Washington s’attaque à l’influence chinoise

Le port du Pirée, principal hub maritime grec, s’est retrouvé au centre d’une nouvelle tension entre Pékin et Washington. La semaine dernière, la nouvelle ambassadrice des États-Unis à Athènes, Kimberly Guilfoyle, a déclaré qu’il était « important de contester l’influence » qu’exerce la Chine à travers le contrôle du port.

Depuis 2016, le groupe chinois COSCO détient 67 % de la société gestionnaire du port, une infrastructure stratégique devenue la porte d’entrée de la Chine en Europe dans le cadre de son initiative des « Nouvelles Routes de la Soie ».

Pékin réplique et dénonce une « mentalité de guerre froide »

Les propos de l’ambassadrice américaine ont déclenché une réaction immédiate de l’ambassade de Chine à Athènes.

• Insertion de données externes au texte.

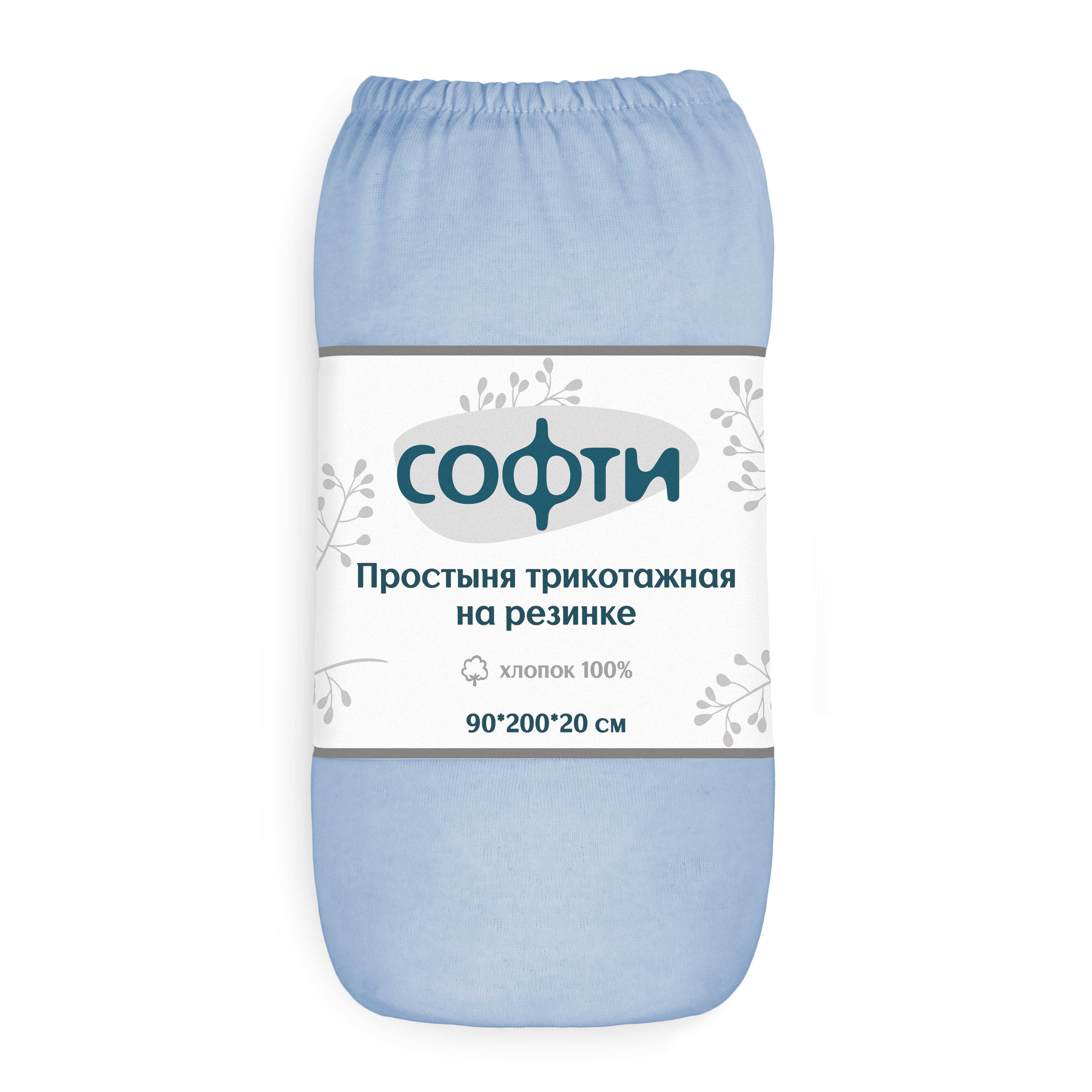 Простыня трикотажная на резинке 90х200х20см СОФТИ серо-голубая хлопок 100%

Dans un communiqué virulent, elle a dénoncé une attaque « infondée » contre les investissements et l’exploitation du port par les entreprises chinoises, y voyant le reflet d’une logique hégémonique et d’une mentalité de guerre froide.

L’ambassade a rejeté l’hypothèse évoquée par Kimberly Guilfoyle d’une possible reconfiguration du contrôle du port — y compris la revente de la participation majoritaire de COSCO.

« Le port n’est pas à vendre », ont insisté les diplomates chinois, accusant Washington de chercher à pousser Athènes à « rompre ses obligations contractuelles ».

Athènes marche sur une ligne de crête

Face à ces pressions, le gouvernement grec tente de conserver un équilibre délicat entre les deux puissances.

Le ministère des Affaires étrangères a souligné que la Grèce « respecte les accords conclus par le passé » et ne reviendra pas sur le contrat signé avec COSCO.

Le Premier ministre Kyriakos Mitsotakis a rappelé que ces investissements avaient créé des « arrangements gagnant-gagnant » qui doivent être respectés.

Néanmoins, le dirigeant grec a laissé entendre que le pays cherchait à approfondir sa coopération avec Washington. Il a vanté le rôle stratégique de la Grèce comme porte d’entrée du GNL américain vers l’Europe, et l’importance du Corridor Vertical, destiné à alimenter en gaz naturel plusieurs pays d’Europe de l’Est — notamment l’Ukraine.

La question ukrainienne ravive les tensions avec Moscou

L’orientation pro-américaine d’Athènes a été accentuée par un accord signé la semaine dernière avec le président ukrainien Volodymyr Zelensky, en visite en Grèce.

Les deux dirigeants ont annoncé un partenariat pour la co-production de drones maritimes, une coopération militaire qui a immédiatement suscité la colère de Moscou.

La porte-parole du ministère russe des Affaires étrangères, Maria Zakharova, a accusé Athènes de mener une politique « provocatrice et conflictuelle » et de s’engager dans des actions « ouvertement hostiles ». Elle a également prévenu que la Russie « répondrait de manière appropriée ».

En réaction, la Commission européenne a exprimé sa pleine solidarité envers la Grèce.

Entre les deux blocs, un dilemme stratégique

Le Pirée n’est plus seulement un port commercial : il est devenu un symbole puissant de la rivalité entre Chine et États-Unis.

Pour la Grèce, qui cherche à maintenir ses investissements tout en renforçant ses alliances occidentales, le défi consiste à ne pas devenir un champ de bataille diplomatique.

Face à une compétition géoéconomique mondiale, Athènes tente de préserver son autonomie, mais chaque prise de position — en faveur de Washington ou de Pékin — déclenche une réaction immédiate des puissances rivales.